What you need to do: Starting at the line that contains "Without a floor" and ending at the line that contains "Nen Ha Noi (Hanoi", the lines below are to be given again exactly, with nothing added.

Dataset content:
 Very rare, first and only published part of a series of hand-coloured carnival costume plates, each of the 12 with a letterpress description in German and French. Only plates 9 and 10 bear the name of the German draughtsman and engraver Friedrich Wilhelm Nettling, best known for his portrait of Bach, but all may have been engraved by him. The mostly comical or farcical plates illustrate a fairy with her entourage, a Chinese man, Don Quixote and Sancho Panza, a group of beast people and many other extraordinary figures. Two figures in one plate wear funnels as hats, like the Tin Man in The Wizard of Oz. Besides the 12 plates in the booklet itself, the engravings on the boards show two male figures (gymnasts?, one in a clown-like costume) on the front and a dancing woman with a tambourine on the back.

...

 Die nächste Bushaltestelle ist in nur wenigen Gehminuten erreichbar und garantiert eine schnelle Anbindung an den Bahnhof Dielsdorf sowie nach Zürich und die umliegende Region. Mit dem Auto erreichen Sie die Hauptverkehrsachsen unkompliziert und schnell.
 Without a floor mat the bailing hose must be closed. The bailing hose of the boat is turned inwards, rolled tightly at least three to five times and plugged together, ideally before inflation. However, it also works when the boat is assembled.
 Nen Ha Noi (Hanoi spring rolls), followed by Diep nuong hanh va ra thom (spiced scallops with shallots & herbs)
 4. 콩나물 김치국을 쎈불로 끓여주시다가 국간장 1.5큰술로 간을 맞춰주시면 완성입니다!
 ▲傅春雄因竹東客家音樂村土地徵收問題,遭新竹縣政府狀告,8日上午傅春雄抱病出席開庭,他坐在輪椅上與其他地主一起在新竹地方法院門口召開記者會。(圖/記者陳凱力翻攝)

Task result:
 Without a floor mat the bailing hose must be closed. The bailing hose of the boat is turned inwards, rolled tightly at least three to five times and plugged together, ideally before inflation. However, it also works when the boat is assembled.
 Nen Ha Noi (Hanoi spring rolls), followed by Diep nuong hanh va ra thom (spiced scallops with shallots & herbs)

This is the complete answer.